Reserved HGX Clusters for Training
Lambda customer at Iambic Therapeutics on GPU infrastructure choices for ML training and inference
Reliable on-demand clusters remain rare because training needs a very specific kind of cloud product, not just spare GPUs. Teams like Iambic need identical machines, fast InfiniBand links, NVIDIA reference designs like HGX, and guaranteed access for months at a time so large jobs do not stall halfway through. That pushes serious training buyers toward reserved contracts, while on-demand cloud is still mostly good for single nodes, lighter experiments, or production inference.
-
Iambic separates training from inference because the bottlenecks are different. Training wants fixed clusters reserved 24, 7 for 18 months or longer, while inference wants smaller GPUs that can spin up instantly inside mature services like S3, EC2, EKS, and Terraform based workflows on AWS.
-
The practical gap is interconnect quality and scheduling, not raw chip access alone.
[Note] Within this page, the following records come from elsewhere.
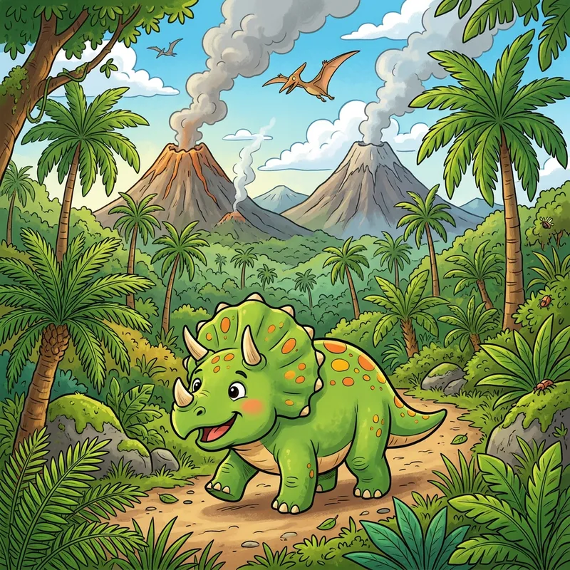 A smiling, cartoon-style dinosaur in a prehistoric jungle, with volcanoes and palm trees in the background.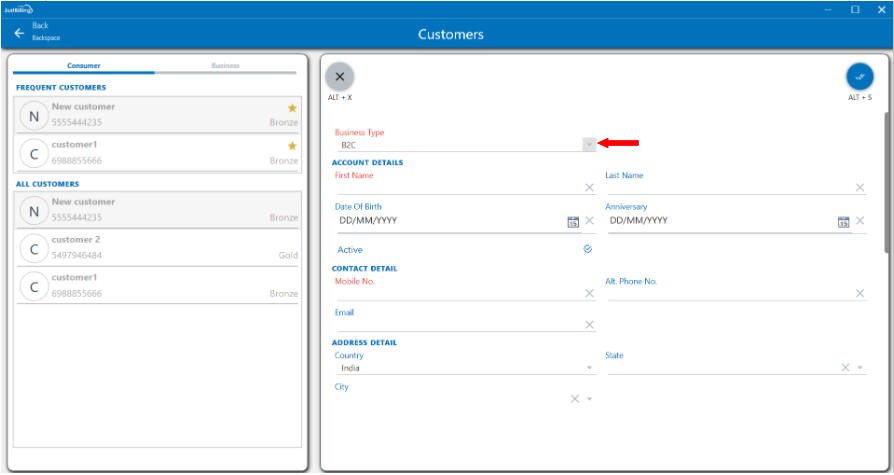 In this section you can see how to Add and Edit a Customer. This page is used to Add or Edit two different customer types like customer consumer and customer corporate.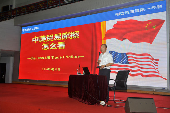 近日,我校党委委员、纪委书记于林惠应马克思主义学院邀请,围绕当前中美贸易摩擦的热点问题,为2018级新生讲授形势与政策课“中美贸易摩擦怎么看”专题,引导学生正确认识中国发展与当前的国际形势。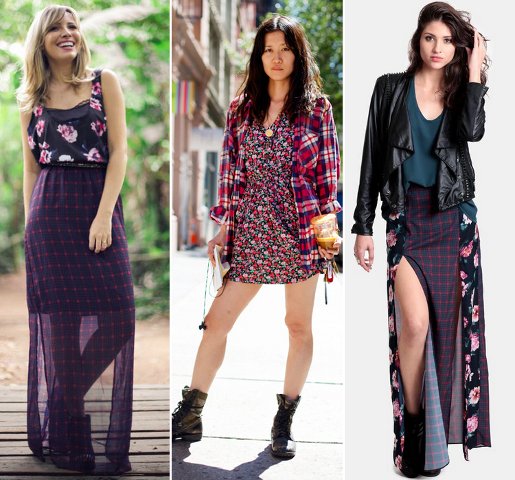 Continuando com o Outono Inverno: Cores escuras,Estampas escuras e Looks mais elaborados. Floral Com Xadrez estampas sempre presente nessa estação porém usadas separadamentes,agora encontradas em uma peça de roupa ou simplesmente mix de estampas na produção do look,Confira algumas opções e inspire-se:
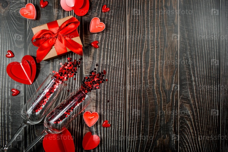 Два стакана конфетти, красные сердца, подарочная коробка и свечи на деревянном фоне с копией пространства. Концепция праздника всех влюбленных. Открытка на день святого валентина
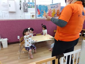 絵本を読み終わり、「今度、かけっこしたいお友だち~」と尋ねると、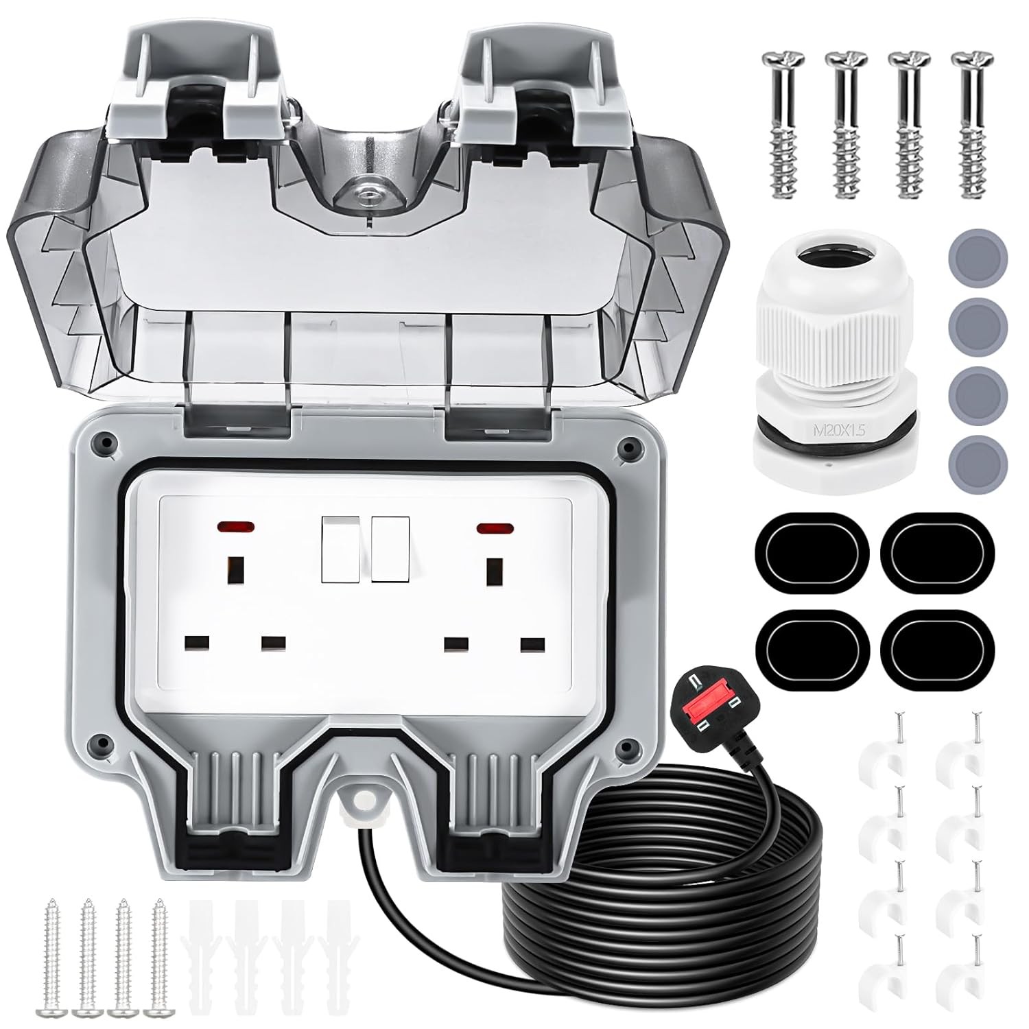 Weatherproof Outdoor Socket Waterproof Double Socket 3M Extension Lead IP66 Switched Wall Electrical Outlet 13 Amp 2 Gang Power Socket, Garden Outside Plug Sockets Cover Box

In late 2023, Iambic found AWS and Oracle could not deliver the InfiniBand quality it needed on the right timeline, while Lambda and CoreWeave would customize cluster specs and still came in cheaper per GPU hour.
-
This creates a split market. NeoClouds like Lambda win reserved training spend with lower prices and more willingness to build bespoke clusters, while hyperscalers and production focused platforms win inference and customer facing workloads because autoscaling, uptime, APIs, security, and operational tooling matter more there than the cheapest H100 hour.
The next step is turning reserved training clusters into a cleaner self serve product. If providers like Lambda can make multi node HGX clusters feel as easy to request as a normal cloud instance, more training workloads move on demand. Until then, reserved capacity and long lead time procurement remain the default for teams doing serious model development.